Alas, the world’s economic inequality problem has little to do with economics. Rather, it’s a symptom of entrenched political inequality that underpins the drivers of inequality identified by the IMF: rising labor market flexibility, unequal access to credit, healthcare and education.
This isn’t conspiracy theory, either. Recent research from leading American political scientists show there’s a total disconnect between the preferences of average Americans and how Congress votes. Conversely, Congress overwhelmingly votes in favor of the preferences held by the richest Americans.

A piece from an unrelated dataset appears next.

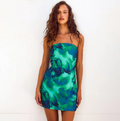 Bold and modern — this strapless mini dress features a sleek silhouette and eye-catching abstract print for standout style.
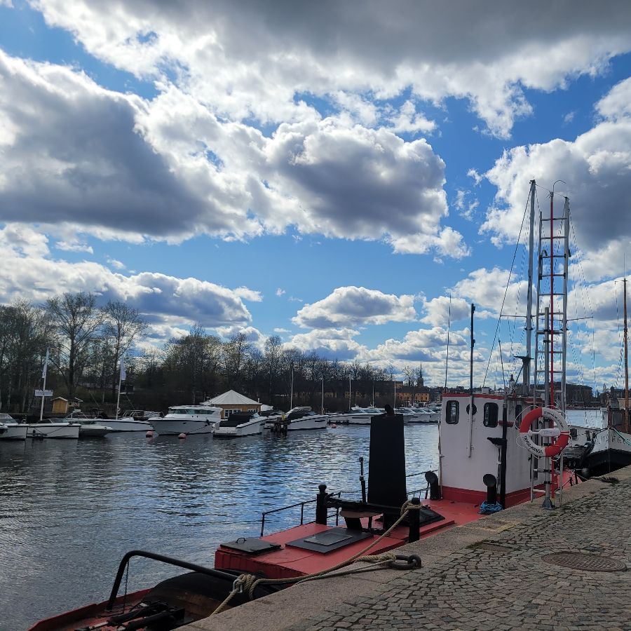 스톡홀름의 아름다운 항구 풍경이 레스토랑 주변의 평화로운 분위기를 더해줍니다.

This is a great report from the IMF. It’s always helpful when large financial institutions generate solid evidence about the many scourges of extreme inequality. However, real progress may remain elusive until we can address the massive power inequities between the super wealthy and the rest of us.
The IMF has set off the alarm for governments to wake up and start actively closing the inequality gap, not just between the rich and poor, but for the middle class too. The paper’s message is pretty clear: If you want growth, you need to invest in the poor, invest in essential services and promote redistributive tax policies.